Cardiovascular disease (CVD) is the leading cause of premature death (30% of all deaths) and disability in Europe and worldwide (WHO), costing the EU economy almost €196 billion a year. With changing demographics and deteriorating lifestyle this situation will worsen considerably, which is neither economically or socially sustainable. Effective Cardiac Rehabilitation (CR) can significantly improve mortality and morbidity rates, leading to longer independent living and a reduced use of health care resources. However, uptake of traditional community-based long-term (phase III) CR is very low across member states (approx. 11%) and is further diminished by low subsequent adherence rates. Key reasons for this include: severe lack of programmes, travel time, scheduling issues, lack of peer mentoring, and low self-efficacy associated with poor exercise technique and perceived poor ‘body image’ (not wanting to exercise with large groups of ‘strangers’).

Researchers from the University of Glasgow’s Health Economics and Health Technology Assessment (HEHTA) group, led by Professor Andrew Briggs, have joined a consortium of 8 European partners to undertake the European Commission Horizon 2020 project ‘PATHway- Technology enabled behavioural change as a pathway towards better self-management of CVD’. The health economic evaluation will evaluate the health outcome and resource use consequences of the PATHway intervention.
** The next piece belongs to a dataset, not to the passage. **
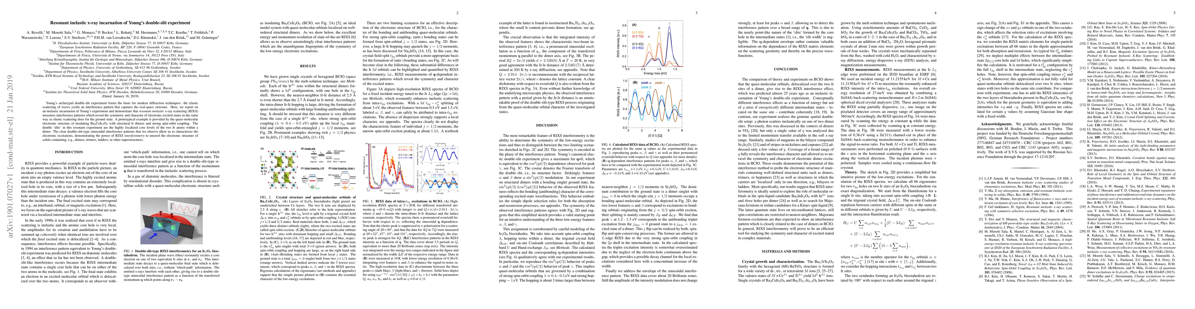 This paper demonstrates the use of resonant inelastic x-ray scattering (RIXS) to perform an inelastic version of Young's double-slit experiment, revealing interference patterns that characterize the symmetry and nature of electronic excited states, exemplified by the quasi-molecular structure of Ba3CeIr2O9. The study highlights the potential of RIXS interferometry for probing the electronic structure of complex materials.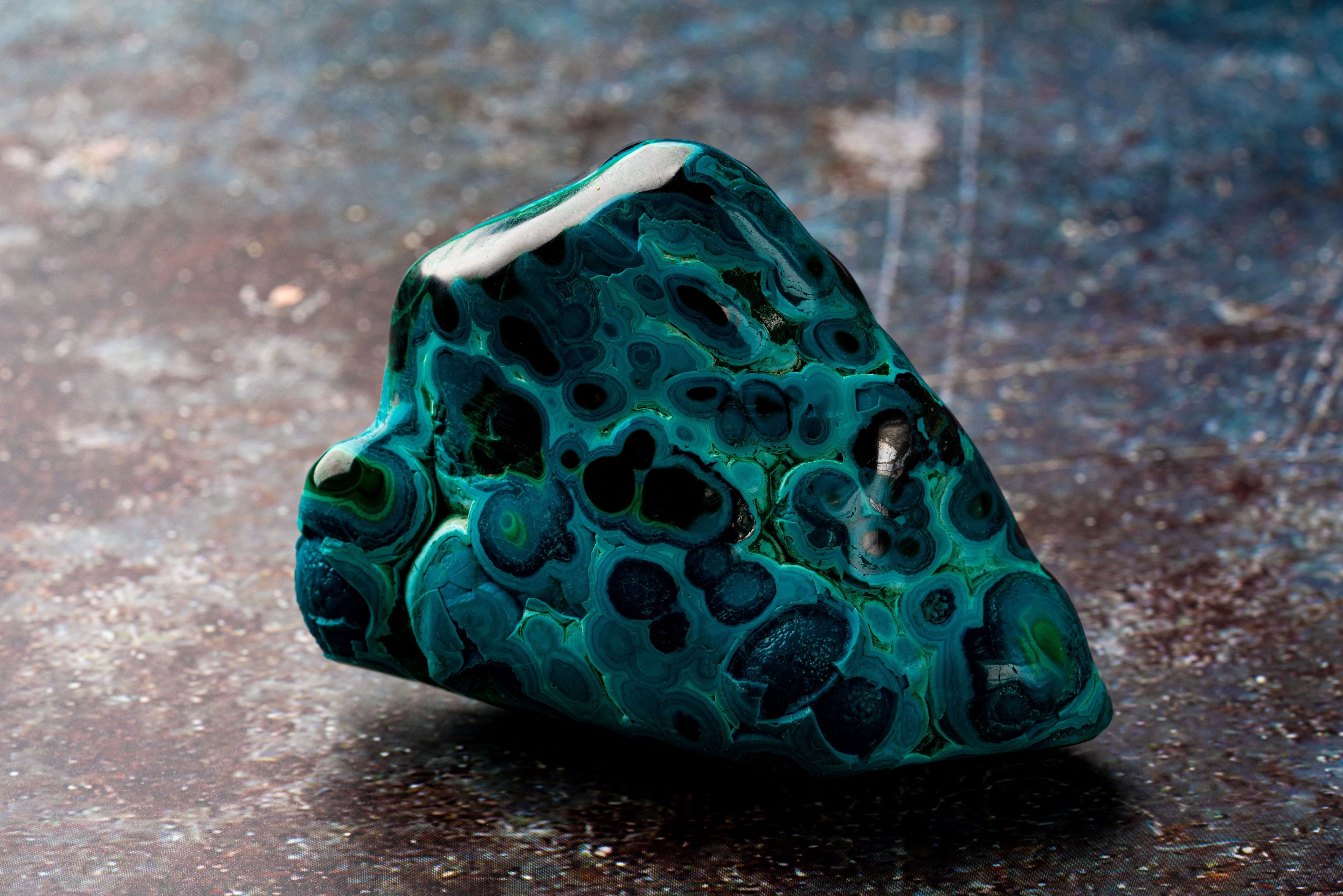 『マラカイト』は深みのあるグリーンと独特の縞模様が魅力的な石で、研磨することで独特な縞や同心円状の模様ができ、その模様が孔雀の羽に似ていることから和名では孔雀石と呼ばれ、神秘的な石として多くの人に愛されています。

PATHway proposes a radically novel approach to Cardiac Rehabilitation (CR) that will ensure a paradigm shift towards empowering patients to more effectively self-manage their Cardiovascular Disease (CVD), set within a collaborative care context with health professionals. PATHway will provide individualized rehabilitation programs that use regular, socially inclusive exercise sessions as the basis upon which to provide a personalized comprehensive lifestyle intervention program (exercise/physical activity (PA), smoking, diet, stress management, alcohol use and medication compliance) to enable patients to both better understand and deal with their own condition and to lead a healthier lifestyle in general. This will be made possible by the provision of an internet-enabled, sensor-based, home exercise platform that allows remote participation in CR exercise programs at any time, from home. At the end of the first year of the project, the European Commission reported that the consortium is clearly advancing state-of-the-art.

The HEHTA group will be hosting a Research Station at the European Researchers’ Night at the Glasgow Science Centre on 30th September 2016, as part of Explorathon’16.